**Description of the task:**
Reproduce only what runs from the line containing "新緑、生命力を感じるグリーン" to the line containing "Церемония официального закрытия" in the records below, inclusive. Keep it exact, and keep the pictures out.

**Records for this task:**
== Segment start ==

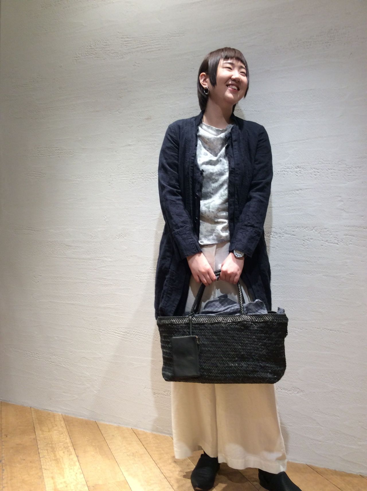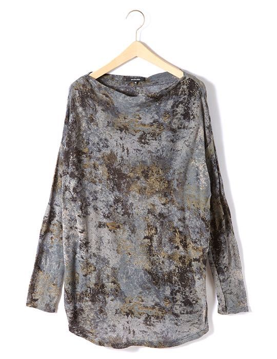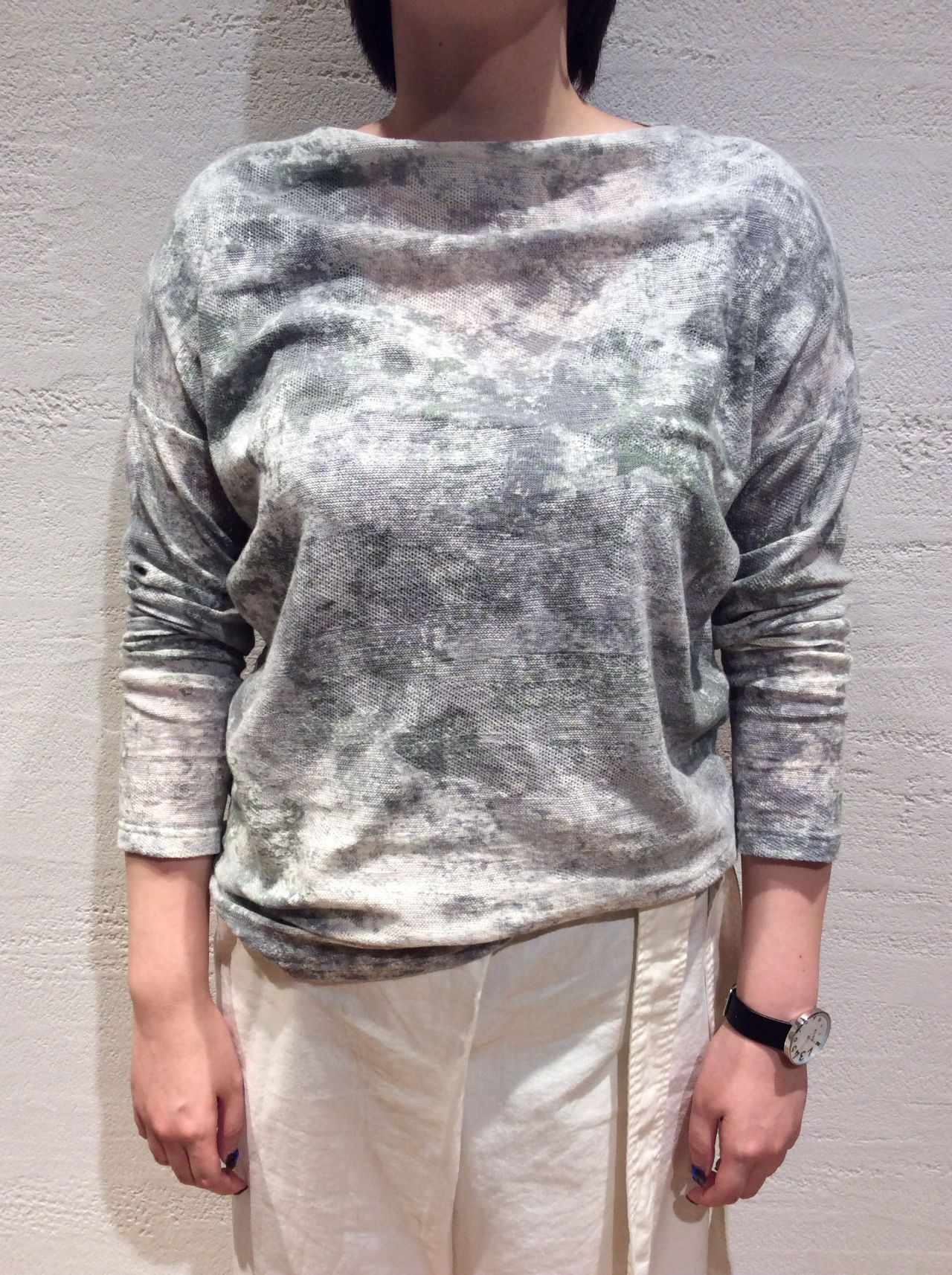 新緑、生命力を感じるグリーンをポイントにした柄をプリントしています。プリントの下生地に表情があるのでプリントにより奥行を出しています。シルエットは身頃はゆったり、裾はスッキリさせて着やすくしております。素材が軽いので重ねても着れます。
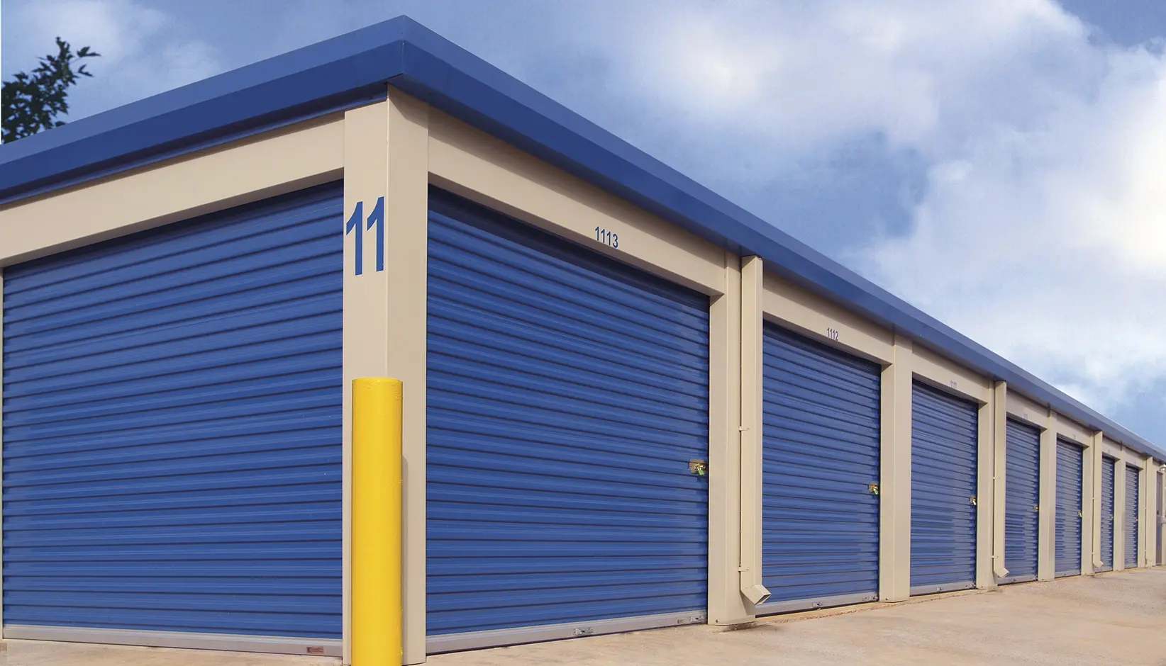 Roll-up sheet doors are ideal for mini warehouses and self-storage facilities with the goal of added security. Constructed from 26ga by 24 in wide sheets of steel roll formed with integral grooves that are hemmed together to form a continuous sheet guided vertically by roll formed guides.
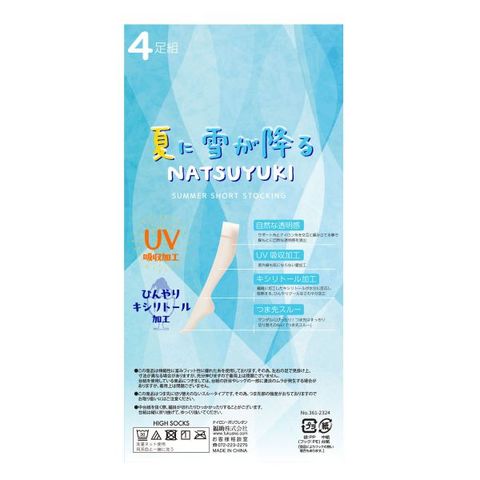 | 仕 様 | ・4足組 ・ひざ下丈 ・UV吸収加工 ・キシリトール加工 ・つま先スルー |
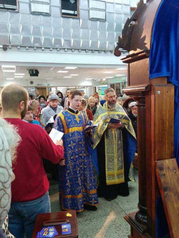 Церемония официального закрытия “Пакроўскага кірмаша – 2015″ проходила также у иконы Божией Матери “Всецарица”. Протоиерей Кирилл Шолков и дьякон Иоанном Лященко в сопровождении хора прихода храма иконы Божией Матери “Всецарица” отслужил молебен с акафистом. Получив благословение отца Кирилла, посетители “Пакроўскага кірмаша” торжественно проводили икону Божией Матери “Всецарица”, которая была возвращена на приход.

== Segment end ==
== Segment start ==

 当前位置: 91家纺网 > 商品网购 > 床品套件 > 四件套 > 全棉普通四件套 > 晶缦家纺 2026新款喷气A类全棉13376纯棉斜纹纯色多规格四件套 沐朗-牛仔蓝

== Segment end ==

**Answer space:**
 新緑、生命力を感じるグリーンをポイントにした柄をプリントしています。プリントの下生地に表情があるのでプリントにより奥行を出しています。シルエットは身頃はゆったり、裾はスッキリさせて着やすくしております。素材が軽いので重ねても着れます。
 Roll-up sheet doors are ideal for mini warehouses and self-storage facilities with the goal of added security. Constructed from 26ga by 24 in wide sheets of steel roll formed with integral grooves that are hemmed together to form a continuous sheet guided vertically by roll formed guides.
 | 仕 様 | ・4足組 ・ひざ下丈 ・UV吸収加工 ・キシリトール加工 ・つま先スルー |
 Церемония официального закрытия “Пакроўскага кірмаша – 2015″ проходила также у иконы Божией Матери “Всецарица”. Протоиерей Кирилл Шолков и дьякон Иоанном Лященко в сопровождении хора прихода храма иконы Божией Матери “Всецарица” отслужил молебен с акафистом. Получив благословение отца Кирилла, посетители “Пакроўскага кірмаша” торжественно проводили икону Божией Матери “Всецарица”, которая была возвращена на приход.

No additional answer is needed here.